After exhausting our two approaches, we laid out our OS Explorer map on the soft grass and backtracked our route in hopes of seeing where we may have gone wrong. On a tiny dot in the last village I saw the possibility of a wayward turn (where we may have been distracted by a “kissing gate”). If that was indeed where we veered off course, then it looked as if we’d gone about a mile in the wrong direction. From where we were, there was really no way to be sure except to go back and see—an option so unappealing after having already walked 13 miles, I could nearly weep. And this is when i thought of our friend Ted, who’s wise words inspired the title of this post.
Ted says everyone’s first job is “to see what is.” (His daughter Eliza writes about this beautifully on Ted’s Caring Bridge site: ‘What a painter. And a vital part of this is not looking away when there are hard things to be seen.’)
On my knees, amid the sheep dung and thistle, crouched low over an oversized map of the Western Dales, and wanting desperately to match my immediate surroundings with the correct place on the map, I thought of Ted and willed myself “to see what is.”
We returned to the kissing gate, and trod right, instead of left, and were rewarded (eventually) with a cold pint, a hot meal, and a soft bed.

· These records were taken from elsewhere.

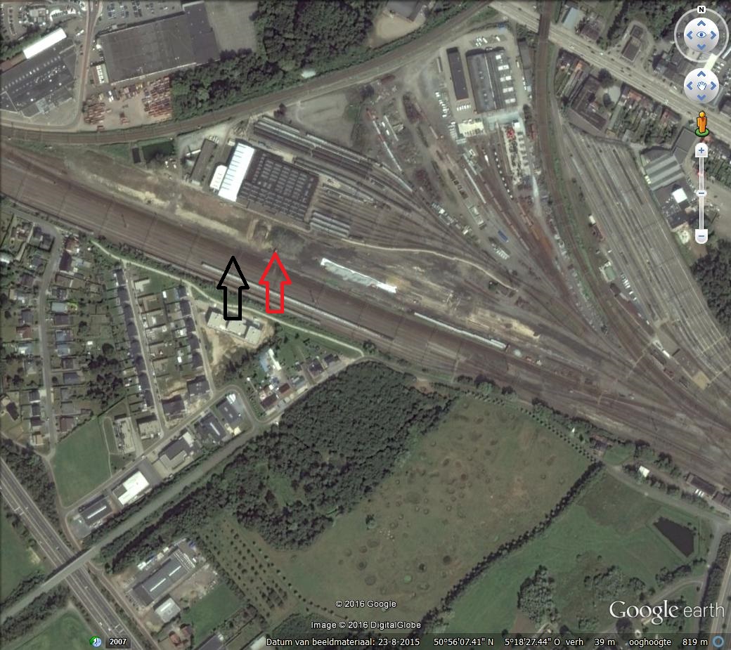 Op de luchtfoto, de rode pijl is waar ik stond toen ik de foto nam van de ingang van de nieuwe atelier en de zwarte pijl is waar ik stond toen ik de foto recht op recht nam.Met mijn rug richting bundel Afwisseling. Op de tweede foto die recht op recht is getrokken ziet u duidelijk dat de nieuwe atelier tussen de oude atelier staat en de bundel Afwisseling. Weeral een bewijs dat Cheminoke niet weet waar de nieuwe atelier juist staat. Cheminoke werkt niet eens voor de NMBS of voor Infrabel maar weet, volgens zijn eigen mening, beter hoe het in zijn werk gaat. Zelfverklaarde specialisten noen ik zo iemand. Cheminoke, hou u gewoon bezig met uw werk en laat iemand anders zijn werk, waar u niks van kent, doen. Bij deze dank ik u. |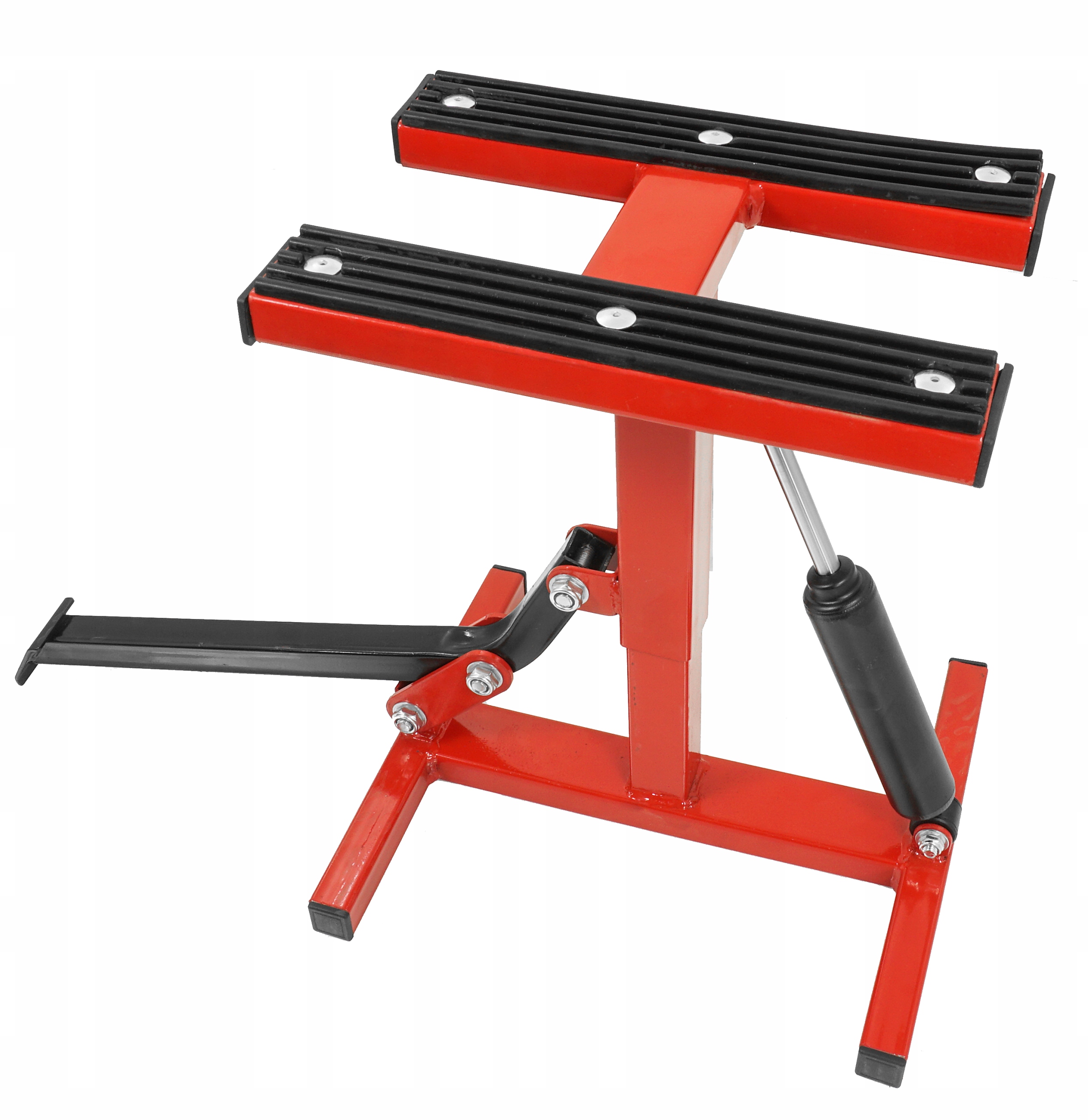 Универсальный подъемник, предназначенный для кроссовых, эндуро и триальных мотоциклов. Простой в использовании, легкий и портативный, он позволит легко и безопасно провести ремонт, а также значительно облегчит мытье мотоцикла. Качественная сталь, из которой изготовлена конструкция, обеспечит ее долговечность, а также стабильный и безопасный подъем мотоцикла. Использование противоскользящей резины обеспечивает высокую безопасность и комфорт работы.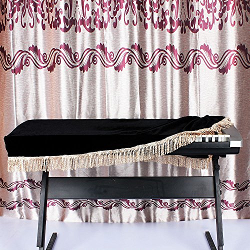 -. Feature : Made of pleuche, soft and durable. / Approx.120cm/47.2in in length and 57cm/22.4in in width. / Soft material, protect 61 note electronic keyboard from scratch and dust. / Resistant to dirt, dark color won't show dirt easily. / Decorated with beautiful fringees to satisfy your good taste.

And here’s another thought: “what is” is always right here. Right in front of us. It can be bad. It can be good. It can be desperately sad, too. We are thinking of Ted so often on this walk that sometimes it feels as if he’s right here with us. I’d like to think he is in a way, nearing the border of this journey and his next. I think I know what Ted might say about our little misadventure. I think he’d tell us that any journey that brings you by a kissing gate—not once, but twice—is a journey worth an extra mile or two.